WHAT TO DO
Every record below should be repeated exactly. Omit the pictures.

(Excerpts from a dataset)
☆ ☆ ☆ ☆ ☆
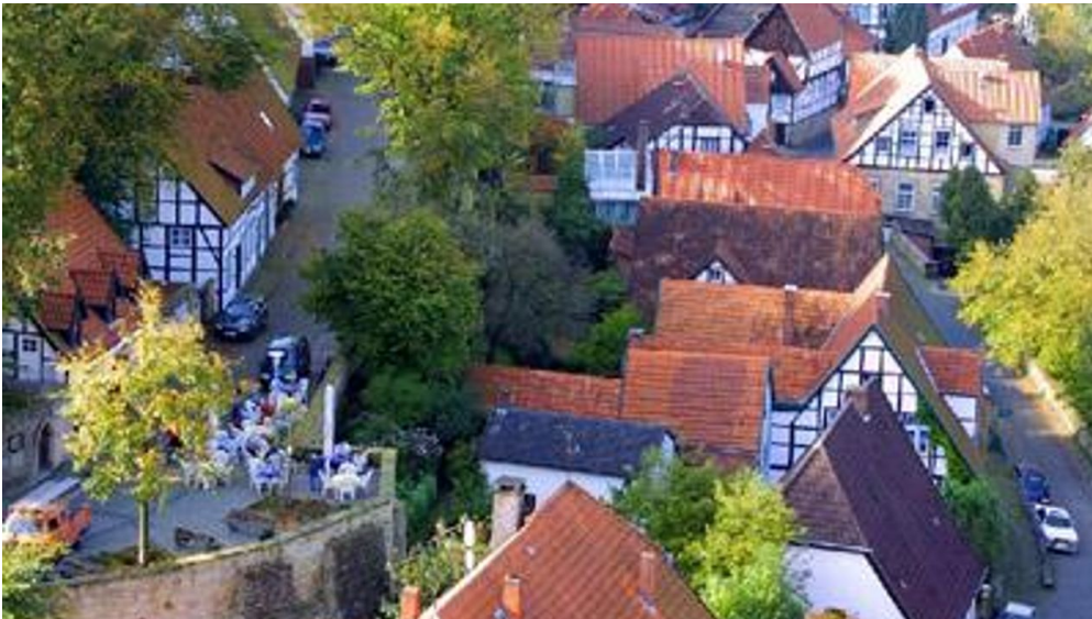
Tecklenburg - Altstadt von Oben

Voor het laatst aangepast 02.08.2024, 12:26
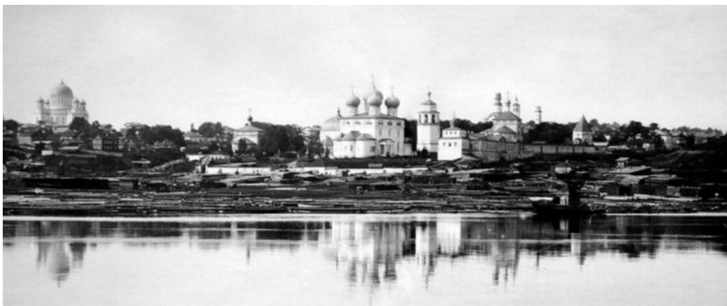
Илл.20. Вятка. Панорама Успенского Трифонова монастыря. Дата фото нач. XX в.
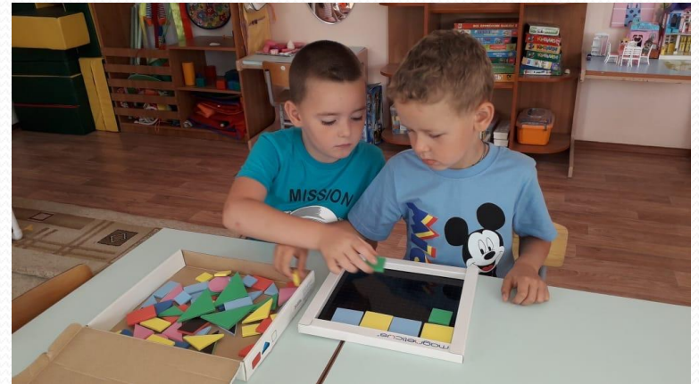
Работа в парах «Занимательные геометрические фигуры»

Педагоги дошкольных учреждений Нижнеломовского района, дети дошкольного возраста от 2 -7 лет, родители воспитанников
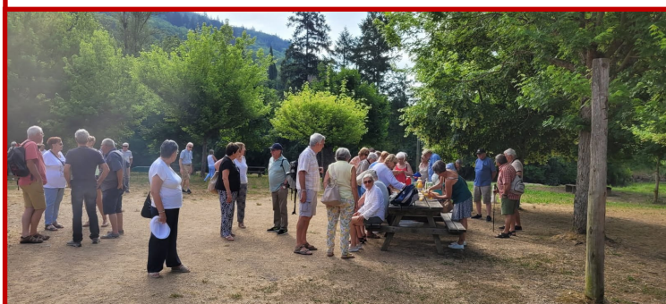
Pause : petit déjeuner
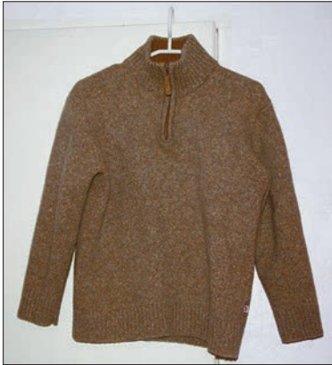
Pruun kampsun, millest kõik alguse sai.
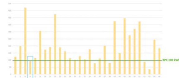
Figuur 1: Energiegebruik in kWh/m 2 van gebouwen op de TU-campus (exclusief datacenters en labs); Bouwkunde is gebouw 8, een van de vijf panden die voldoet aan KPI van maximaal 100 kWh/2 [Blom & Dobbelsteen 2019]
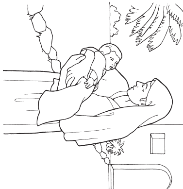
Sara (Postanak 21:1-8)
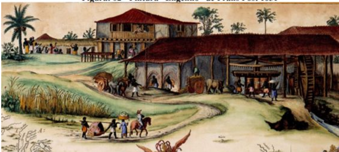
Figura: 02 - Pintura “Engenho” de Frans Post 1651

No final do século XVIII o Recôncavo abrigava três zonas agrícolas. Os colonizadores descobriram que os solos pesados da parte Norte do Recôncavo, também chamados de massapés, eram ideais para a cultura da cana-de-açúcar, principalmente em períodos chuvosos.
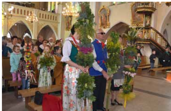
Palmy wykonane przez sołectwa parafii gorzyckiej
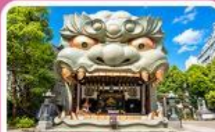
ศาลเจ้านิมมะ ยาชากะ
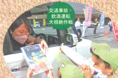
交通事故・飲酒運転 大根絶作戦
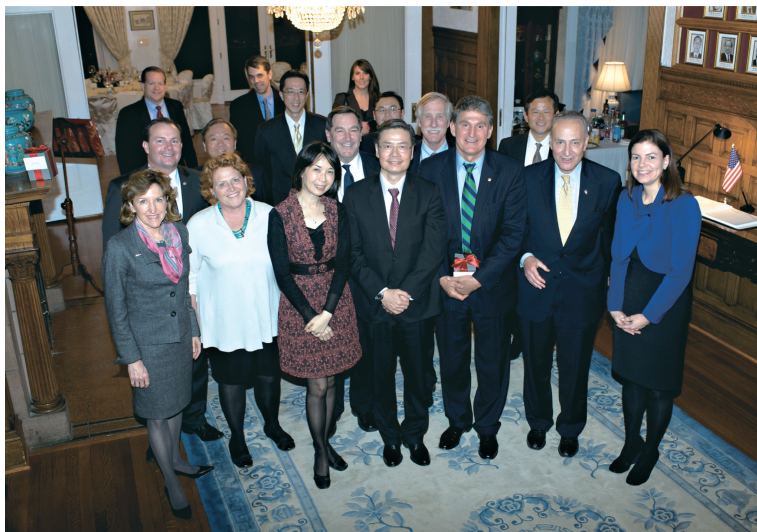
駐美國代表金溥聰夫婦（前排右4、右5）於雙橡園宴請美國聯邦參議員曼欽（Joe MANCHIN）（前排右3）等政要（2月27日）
☆ ☆ ☆ ☆ ☆
RESPONSE TO THE EXERCISE
Tecklenburg - Altstadt von Oben

Voor het laatst aangepast 02.08.2024, 12:26
Илл.20. Вятка. Панорама Успенского Трифонова монастыря. Дата фото нач. XX в.
Работа в парах «Занимательные геометрические фигуры»

Педагоги дошкольных учреждений Нижнеломовского района, дети дошкольного возраста от 2 -7 лет, родители воспитанников
Pause : petit déjeuner
Pruun kampsun, millest kõik alguse sai.
Figuur 1: Energiegebruik in kWh/m 2 van gebouwen op de TU-campus (exclusief datacenters en labs); Bouwkunde is gebouw 8, een van de vijf panden die voldoet aan KPI van maximaal 100 kWh/2 [Blom & Dobbelsteen 2019]
Sara (Postanak 21:1-8)
Figura: 02 - Pintura “Engenho” de Frans Post 1651

No final do século XVIII o Recôncavo abrigava três zonas agrícolas. Os colonizadores descobriram que os solos pesados da parte Norte do Recôncavo, também chamados de massapés, eram ideais para a cultura da cana-de-açúcar, principalmente em períodos chuvosos.
Palmy wykonane przez sołectwa parafii gorzyckiej
ศาลเจ้านิมมะ ยาชากะ
交通事故・飲酒運転 大根絶作戦
駐美國代表金溥聰夫婦（前排右4、右5）於雙橡園宴請美國聯邦參議員曼欽（Joe MANCHIN）（前排右3）等政要（2月27日）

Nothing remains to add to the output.